PROVIDED DATA.
□ □ □ □

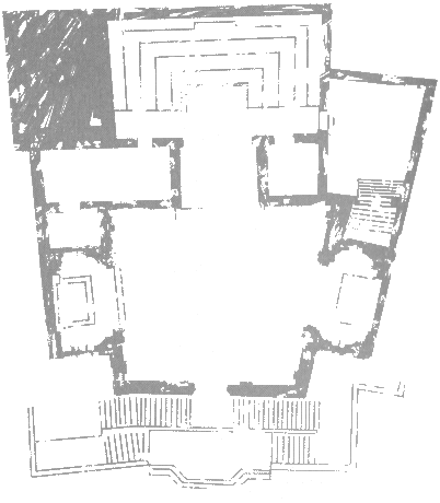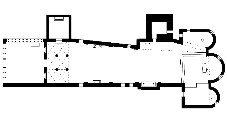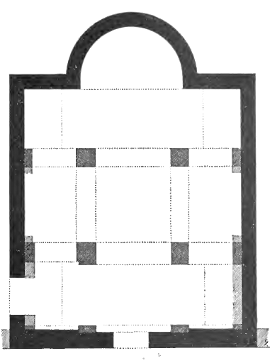 depressed barrel-vault ceiling. There are seven shallow and ornate
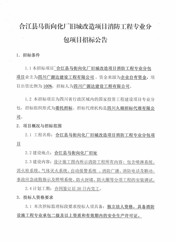 合江縣馬街向化廠舊城改造項(xiàng)目消防工程專(zhuān)業(yè)分包項(xiàng)目招標(biāo)公告
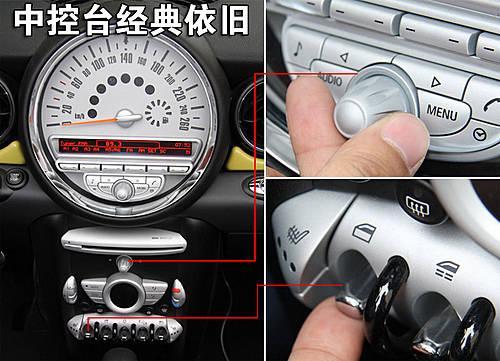 新一代Mini Cooper和Mini Cooper S敞篷版中控臺自上而下依然熟悉的大圓形時速表、音響調(diào)節(jié)按鈕及旋鈕、CD機(jī)頭、自動空調(diào)及車窗和中控門鎖等控制開關(guān),與其它Mini車型如出一轍。
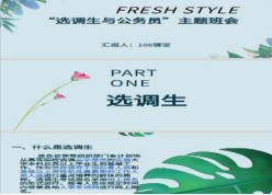 10月12日主题班会由106寝室承办,主题是考研与考公。18级学生即将面临考研就业选择。该寝黄诗雨同学以“选调生和公务员”为主题,向我们解释了什么是选调生,选调生与公务员的区别以及公务员考试的基本内容、框架。黄诗雨同学的细致耐心的讲解吸引了同学们关注,大家在她的简洁明了的陈述中对选调生、公务员有了更多认识。
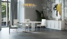 Matt table in marble ceramic top and fabric chairs from Spain. The collection flaunts elegant, contemporary designs that are sure to redefine style in your charming settings. Elegance is at the top level with this amazing modern dining room table which expresses all its beauty and technology through its fantastic details such as its curved edges where the legs meet the sleek tabletop. Legs meet tabletops at perfect angles to convey a scene of balance and uniformity. Crafted from the choicest solid woods, the sleek, neat lines of the table are lavished with a lustrous matt finish. The smooth contours of the upholstered chairs lend a refined ... more info |
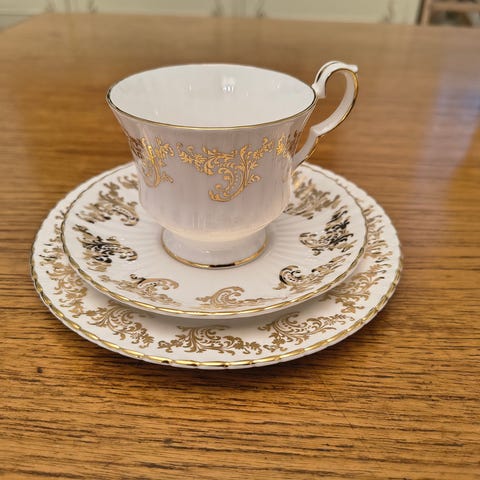 Sekä kupit,aluslautaset ja voileipä lautaset.

□ □ □ □

WHAT YOU ARE ASKED TO DO. Since the pictures are not wanted, repeat only the rest of the material, exactly as given.

TASK SOLUTION.
 depressed barrel-vault ceiling. There are seven shallow and ornate
 合江縣馬街向化廠舊城改造項(xiàng)目消防工程專(zhuān)業(yè)分包項(xiàng)目招標(biāo)公告
 新一代Mini Cooper和Mini Cooper S敞篷版中控臺自上而下依然熟悉的大圓形時速表、音響調(diào)節(jié)按鈕及旋鈕、CD機(jī)頭、自動空調(diào)及車窗和中控門鎖等控制開關(guān),與其它Mini車型如出一轍。
 10月12日主题班会由106寝室承办,主题是考研与考公。18级学生即将面临考研就业选择。该寝黄诗雨同学以“选调生和公务员”为主题,向我们解释了什么是选调生,选调生与公务员的区别以及公务员考试的基本内容、框架。黄诗雨同学的细致耐心的讲解吸引了同学们关注,大家在她的简洁明了的陈述中对选调生、公务员有了更多认识。
 Matt table in marble ceramic top and fabric chairs from Spain. The collection flaunts elegant, contemporary designs that are sure to redefine style in your charming settings. Elegance is at the top level with this amazing modern dining room table which expresses all its beauty and technology through its fantastic details such as its curved edges where the legs meet the sleek tabletop. Legs meet tabletops at perfect angles to convey a scene of balance and uniformity. Crafted from the choicest solid woods, the sleek, neat lines of the table are lavished with a lustrous matt finish. The smooth contours of the upholstered chairs lend a refined ... more info |
 Sekä kupit,aluslautaset ja voileipä lautaset.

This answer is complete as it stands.